Author | : Mary Evans |
Publisher | : A&C Black |
Total Pages | : 208 |
Release | : 2011-10-27 |
Genre | : Literary Criticism |
ISBN | : 1441169482 |
Download The Imagination of Evil Book in PDF, ePub and Kindle
From its growth in Europe in the nineteenth century, detective fiction has developed into one of the most popular genres of literature and popular culture more widely. In this monograph, Mary Evans examines detective fiction and its complex relationship to the modern and to modernity. She focuses on two key themes: the moral relationship of detection (and the detective) to a particular social world and the attempt to restore and even improve the social world that has been threatened and fractured by a crime, usually that of murder. It is a characteristic of much detective fiction that the detective, the pursuer, is a social outsider: this status creates a complex web of relationships between detective, institutional life and dominant and subversive moralities. Evans questions who and what the detective stands for and suggests that the answer challenges many of our assumptions about the relationship between various moralities in the modern world.
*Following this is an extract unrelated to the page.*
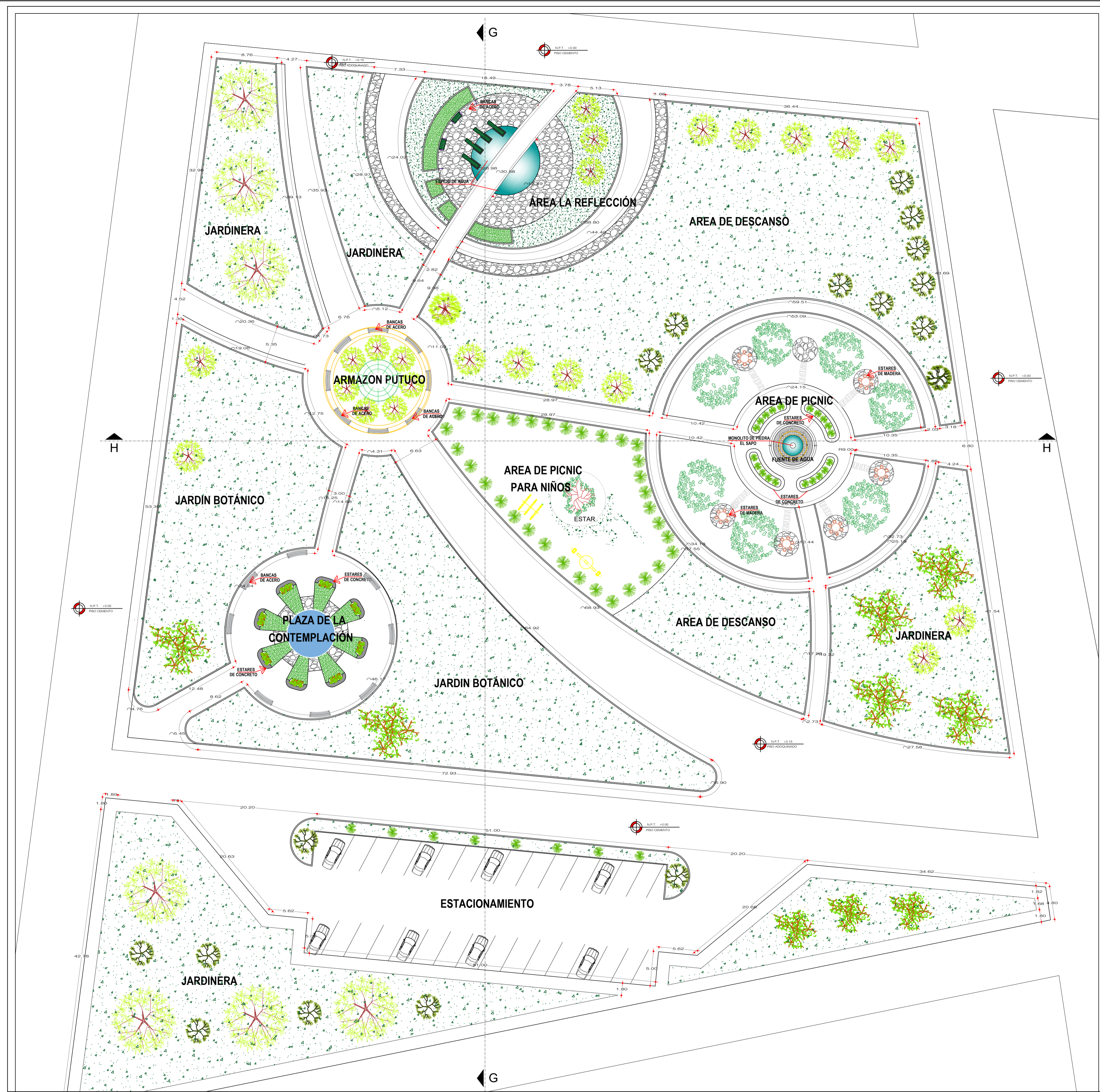
PLANO DE PLANTA - PARQUE RECREATIVO ARQUITECTURA ESC 1/300

Author | : R.R. Bowker Company |
Publisher | : New York : R.R. Bowker |
Total Pages | : 1390 |
Release | : 1982 |
Genre | : Language Arts & Disciplines |
ISBN | : |
Download Books in Series, 1876-1949 Book in PDF, ePub and Kindle
Author | : J.C Bernthal |
Publisher | : Springer |
Total Pages | : 304 |
Release | : 2016-09-02 |
Genre | : Literary Criticism |
ISBN | : 3319335332 |
Download Queering Agatha Christie Book in PDF, ePub and Kindle
This book is the first fully theorized queer reading of a Golden Age British crime writer. Agatha Christie was the most commercially successful novelist of the twentieth century, and her fiction remains popular. She created such memorable characters as Hercule Poirot and Jane Marple, and has become synonymous with a nostalgic, conservative tradition of crime fiction. J.C. Bernthal reads Christie through the lens of queer theory, uncovering a playful, alert, and subversive social commentary. After considering Christie’s emergence in a commercial market hostile to her sex, in Queering Agatha Christie Bernthal explores homophobic stereotypes, gender performativity, queer children, and masquerade in key texts published between 1920 and 1952. Christie engaged with debates around human identity in a unique historical period affected by two world wars. The final chapter considers twenty-first century Poirot and Marple adaptations, with visible LGBT characters, and poses the question: might the books be queerer?